When we interact with people, we behave differently depending on “colored glasses we have experienced in the past” and “current emotional situation”. So, I want to control these two somehow. I think this is a big challenge for me right now.

I have achieved the fact that I came abroad alone. At first, I was only anxious. I was not at the level of making friends with people or anything like that. Until now, I had come abroad with someone, but the moment I came alone, I had so many anxieties. But now that anxiety has been resolved, and I can go into restaurants alone. And I can even stay in hostels without any problems. That’s enough growth.

 

このお茶に、ライチの実?最高に美味しい。

Lychee nuts in this tea? The best of the best

 

Okay, so now the question is, “How do I get the courage to take the first step to make friends when I am alone in a foreign country?” This is my biggest challenge. I feel as if I have received a message from another me that if I can accomplish this, I will meet absolutely wonderful people. That’s how I feel.

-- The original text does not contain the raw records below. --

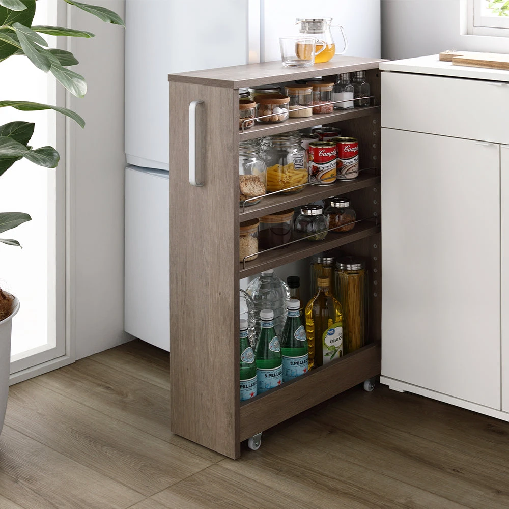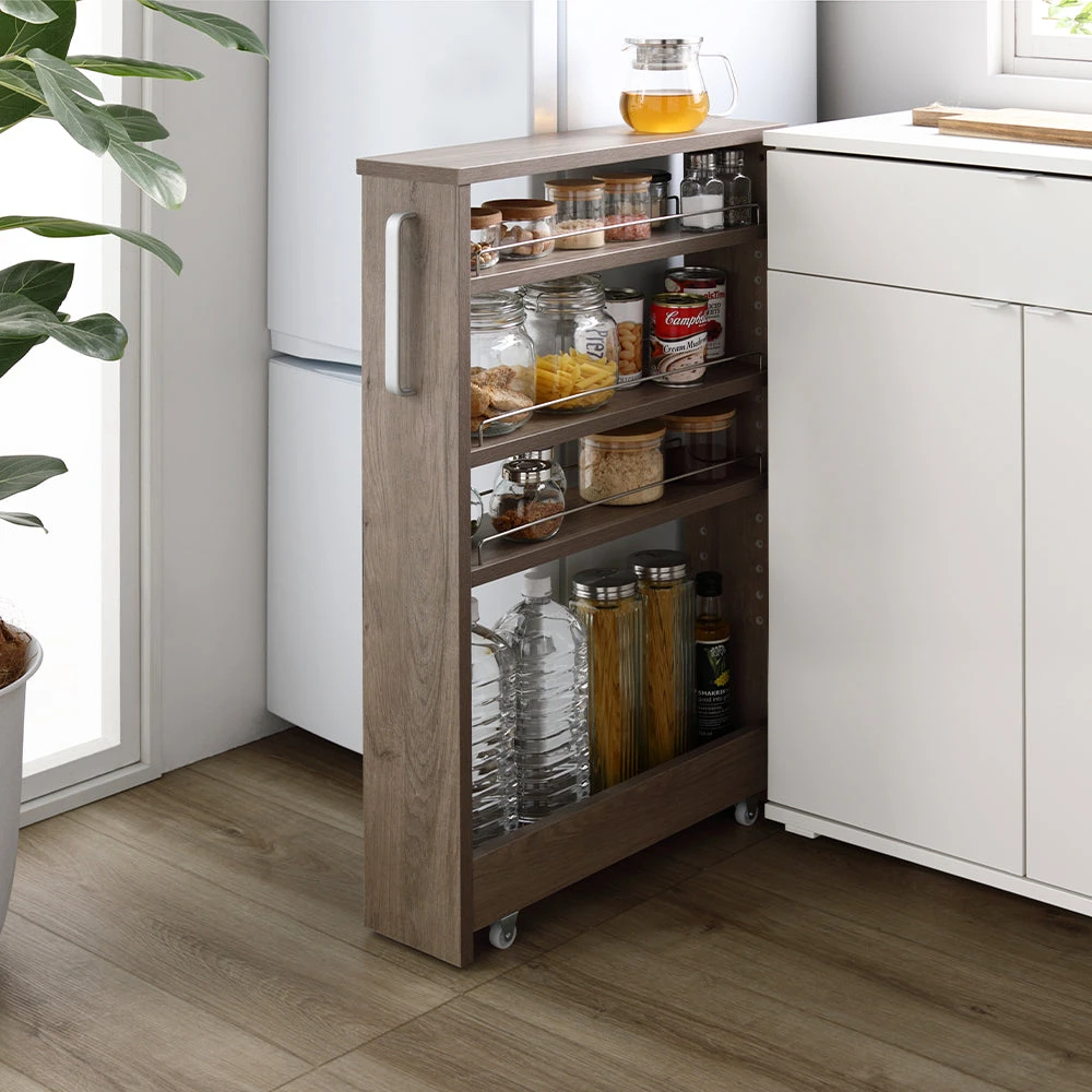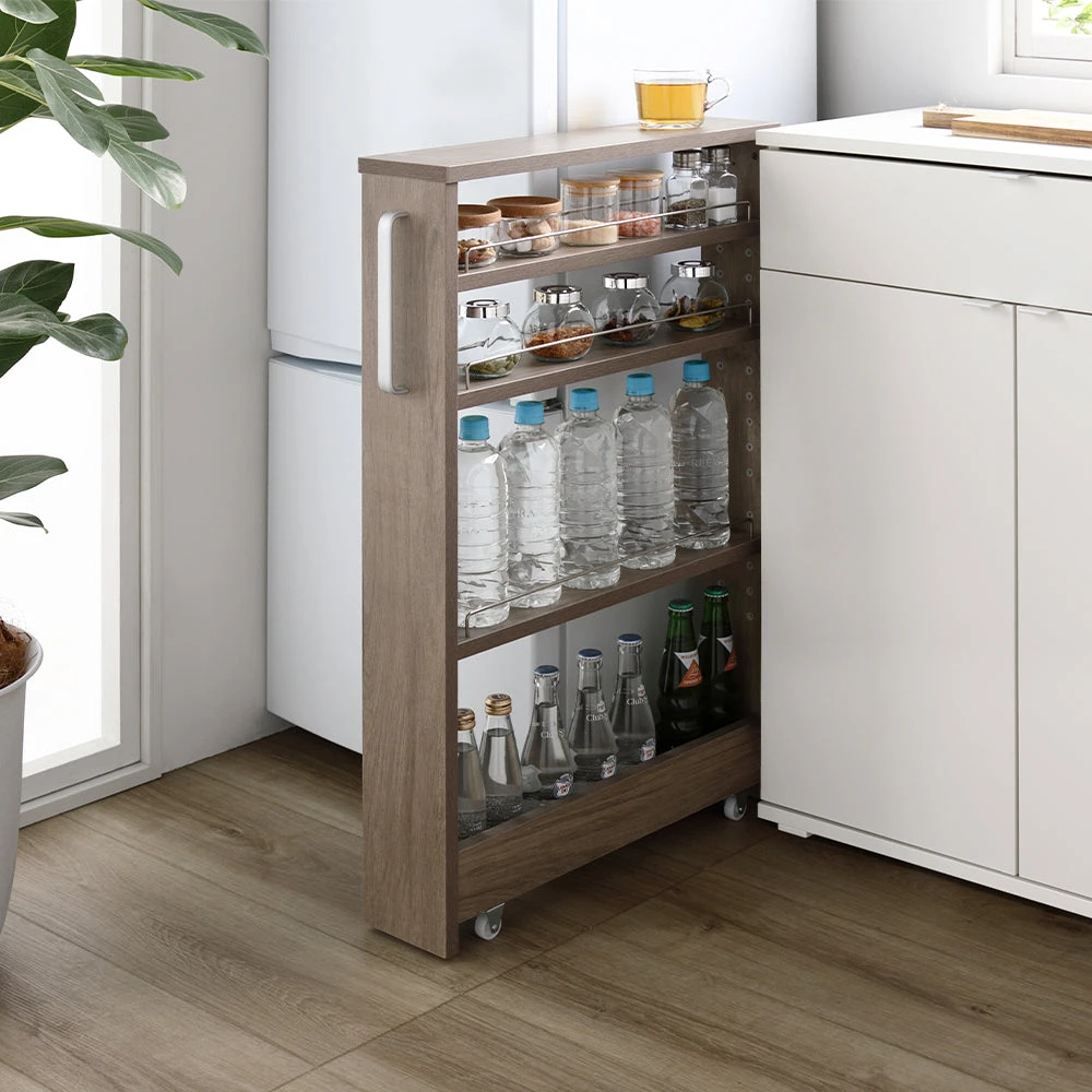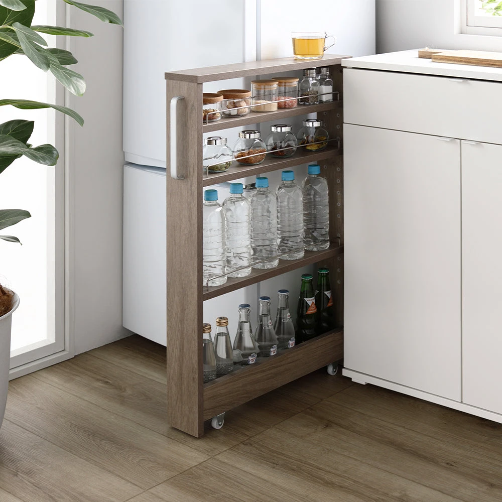 デッドスペースを収納化し、取っ手付きで扱いやすいすき間収納ラック グレージュ ロータイプ(幅18cm)
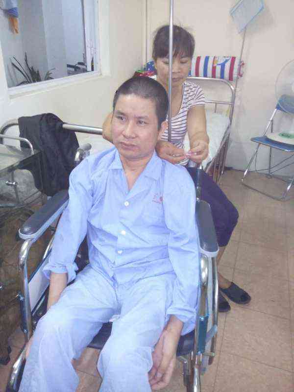 - Trong một lần đi làm, anh Tuyến bị dầm bê tông rơi vào người gây nên chấn thương tủy cổ, sau nhiều lần chữa chạy, đến nay anh Tuyến đang điều trị tại Bệnh viện Phục hồi chức năng Hà Nội được hơn 4 tháng. Do bị chấn thương tủy cổ nên anh không đi lại được, chân tay bị tê liệt rất khó cử động, phải ngồi trên xe lăn, mọi sinh hoạt hằng ngày đều do vợ anh chăm sóc. Hai vợ chồng phải ở bệnh viện chăm nhau nên con ở nhà gửi cho em trai nuôi dưỡng, chăm lo học hành.
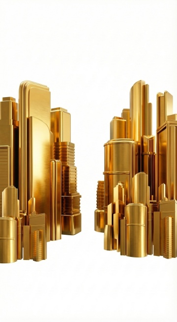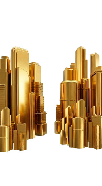 金色金属质感背景,表面带有细腻的磨砂纹理和柔和的光泽渐变,整体呈现出温暖而奢华的视觉效果,融合现代城市景观剪影,建筑轮廓简洁而富有线条感,与金色背景形成和谐统一的整体氛围。
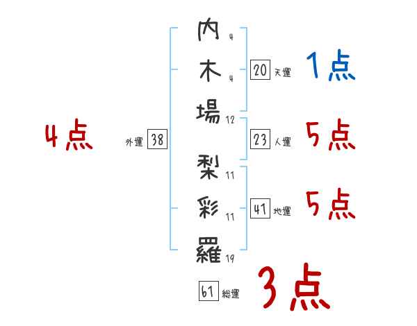 外運![]() | 内木場梨彩羅さんの外運は38画の4つ星!温厚な性格で技術的な才能を発揮する。職人的な仕事に向いている。 生活面を象徴する運勢です。外部から受ける影響力を表し、結婚運、家庭運や職場、環境への順応性を表します。 |
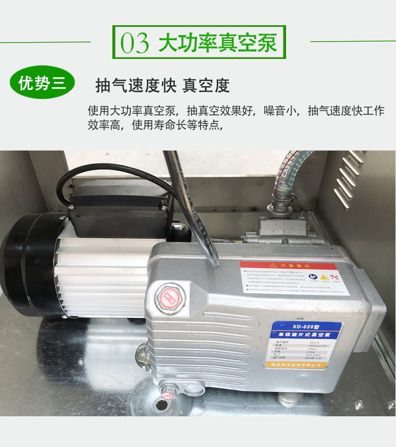 - 真空泵性能:真空泵的抽气速度是影响抽气时间的重要因素。抽气速度快的真空泵能够在较短时间内抽出相同体积的空气。如果设备配备的是高性能、大抽气速度的真空泵,抽气时间可以适当缩短;反之,则需要延长抽气时间。例如,一台抽气速度为 40m³/h 的真空泵,对于一般规格的包装袋,抽气时间可能在 20 - 30 秒;而抽气速度为 20m³/h 的真空泵,抽气时间可能需要 30 - 40 秒。
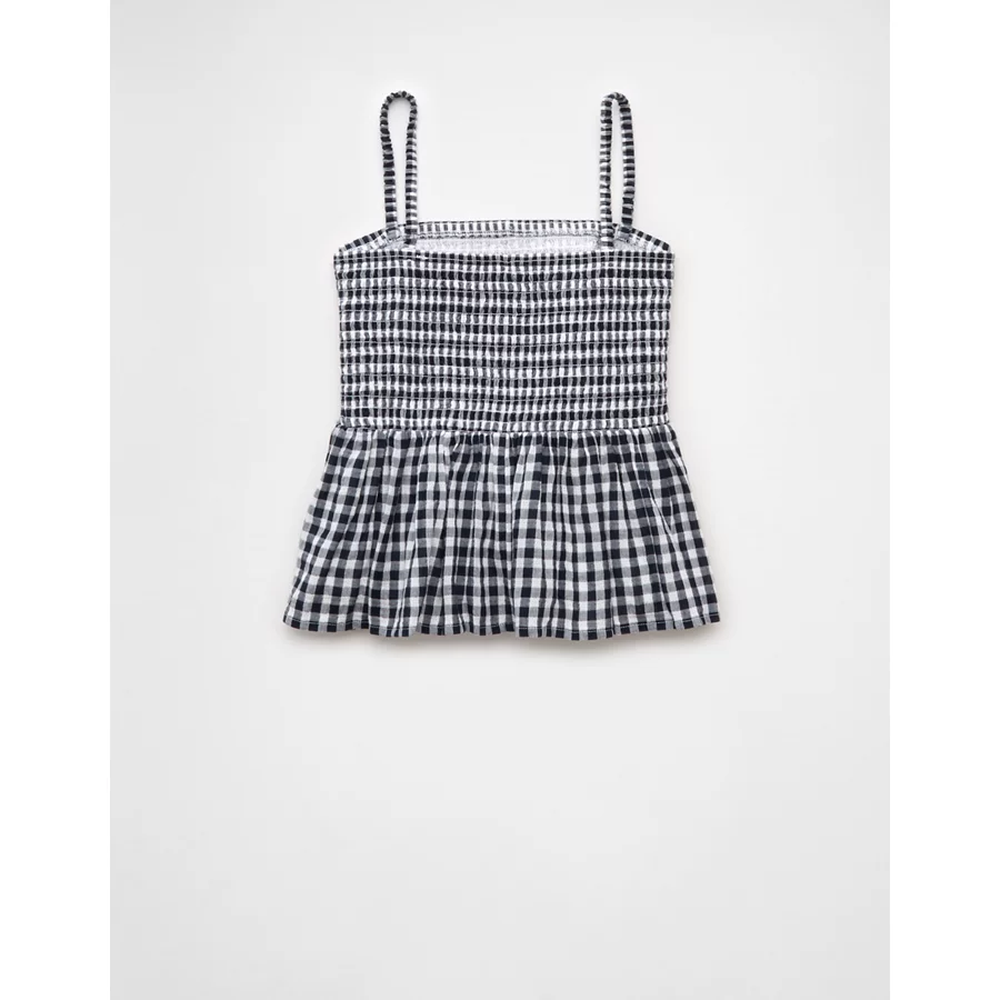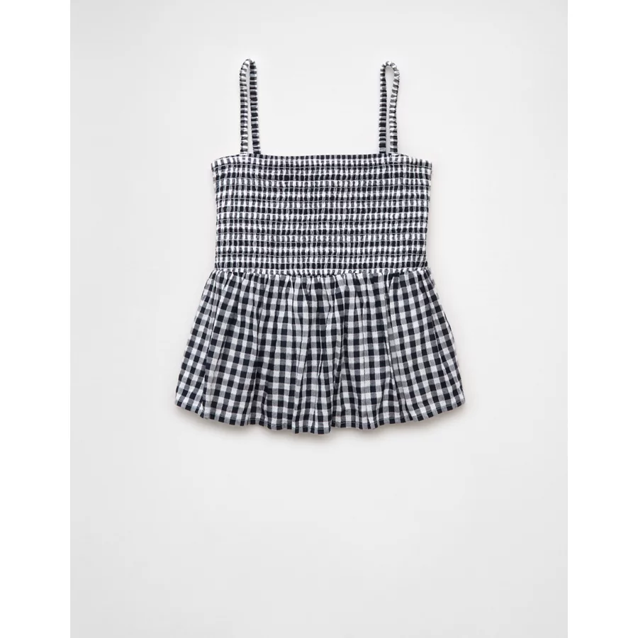 AE Smocked Gingham Babydoll Cami – Navy

I am sure that in a year’s time, I hope that this problem will be solved. If you want to have regrets, rather be brave and do your best. I can do it. Little by little. Even if you can’t do it, don’t beat yourself up. On the contrary, praise yourself. This will create space in your heart, and you will be able to make room for it. There, you will be filled with energy to change, and you will be able to use this energy for changing yourself.

 

 

At the café, I was working and all my tasks were done

I made 43,000 yen in one day. That’s good, that’s good. Keep it up. After arriving at the hostel, I decided to take a shower. The hostel was a big place, about 20 people in one room, with beds along one long hallway. I picked up one of the girls’ iPhone, which had spontaneously fallen out of the room, and she gave me a hard slap on the hand. I felt as if she said like, “That’s disgusting. Don’t touch me, Chinese.” Of course, I can’t be sure because I have colored glasses, but that’s what I felt from her face expression. Once again, I think that people who are racist are terrible.
But I guess the extreme is “like or not”. She was speaking English with specific accent, so I am sure she is Australian. I don’t know, but it was really unpleasant. Because of this trauma, it is difficult for me to have the courage to talk to them. I think it’s very painful.

 

 

In the evening, I called my best friend who is in Japan for the first time in a long time. Cute dog sleeping near the reception of the hostel.